The Theory Of Everything, 2014.
Directed by James Marsh.
Starring Eddie Redmayne, Felicity Jones, Charlie Cox, Harry Lloyd, David Thewlis, Emily Watson and Christian McKay.
A look at the relationship between Stephen Hawking (Redmayne) and Jane Hawking (Jones), from their meeting at Cambridge until Hawking’s worldwide success.
There should be no boundaries to human endeavor. We are all different. However bad life may seem, there is always something you can do, and succeed at. While there’s life, there is hope.

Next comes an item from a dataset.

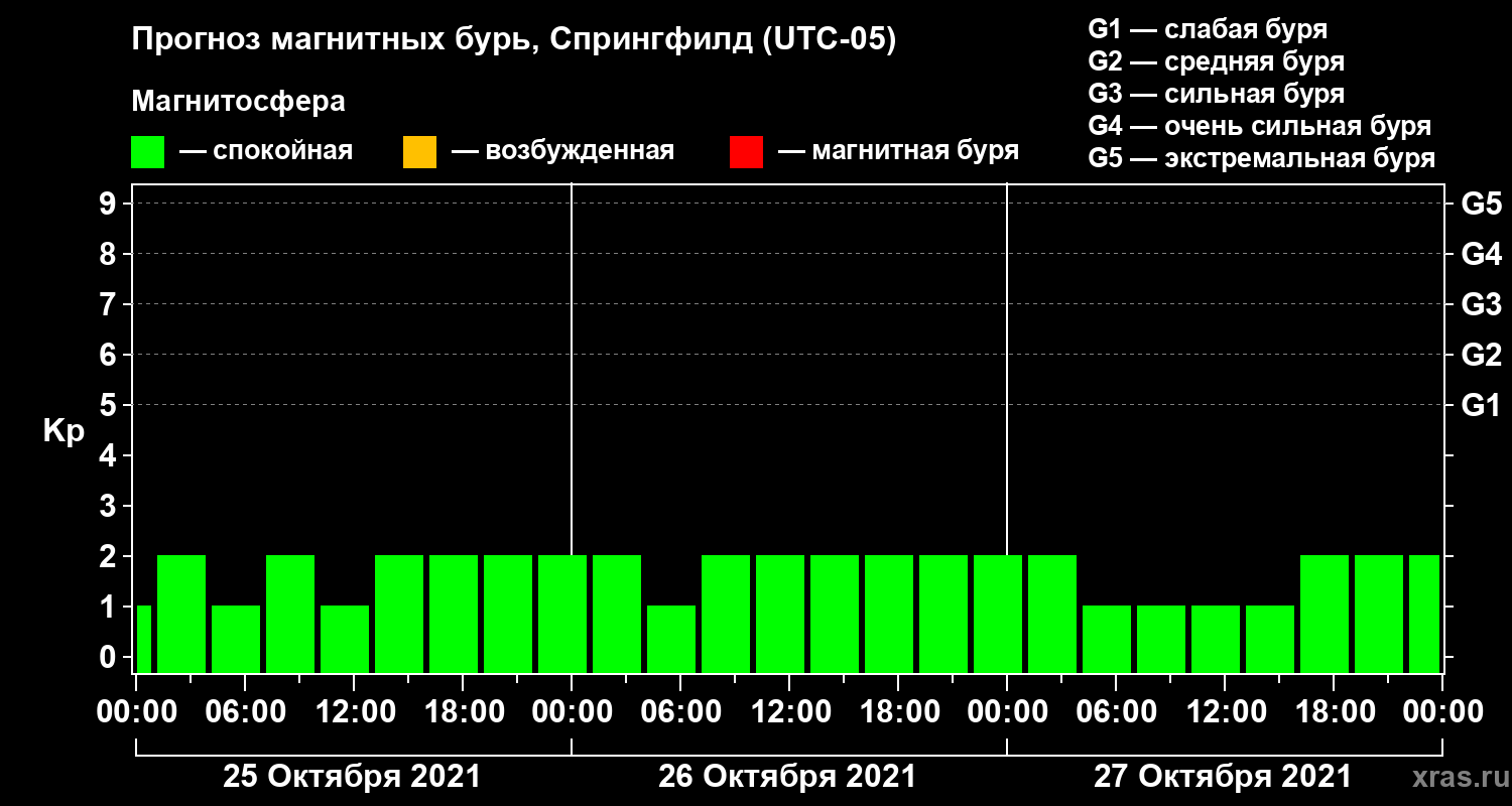 Прогноз магнитных бурь в Спрингфилде на 25 октября 2021 года
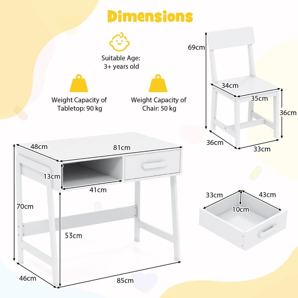 Tento detský písací stôl so stoličkou v elegantnom bielom prevedení je ideálnou voľbou pre malých školákov a predškolákov. Vďaka svojmu nadčasovému dizajnu ľahko zapadne do každej detskej izby a poskytne dieťaťu útulné a praktické miesto na kreslenie, učenie aj hranie. Stôl je vybavený priestrannou zásuvkou a otvorenou policou, ktoré ponúkajú dostatok úložného priestoru na knihy, pastelky alebo školské pomôcky. Súčasťou setu je tiež pevná a stabilná stolička prispôsobená detskej výške, ktorá zaisťuje pohodlné sedenie počas každodenných aktivít. Nábytok je vyrobený z kvalitného dreveného materiálu s dôrazom na bezpečnosť, stabilitu a jednoduchú údržbu. Tento set podporuje u detí samostatnosť a vytvára prirodzené prostredie pre rozvoj kreativity i školských zručností. Parametre: Farba: biela Materiály: MDF, borovicové drevo Rozmery stola: 85 x 48 x 70 cm (D x Š x V) Rozmery stoličky: 33 x 36 x 69 cm (D x Š x V) Nosnosť dosky stola: 90 kg Nosnosť stoličky: 50 kg Odporúčaný vek: od 3 rokovDodatočné parametre

Biopics often work most when the film in question isn’t out to praise something to the high heavens or slander into the ground, but rather find a comfortable middle ground peppered with a touch of controversy. The Theory Of Everything could have been formulaic Oscar bait of the highest caliber, depicting the relationship of Stephen and Jane Hawking as a perfect love affair full of happiness with no strains along the way, ignoring some of the more surprising and heartbreaking elements towards the end of their journey. Director James Marsh didn’t opt for the route of fairytale though, and left a pleasant amount of sadness on the table. For better or worse, The Theory Of Everything is one of the most accurate portrayals of the extraordinarily incredible life of Stephen Hawking and his love life.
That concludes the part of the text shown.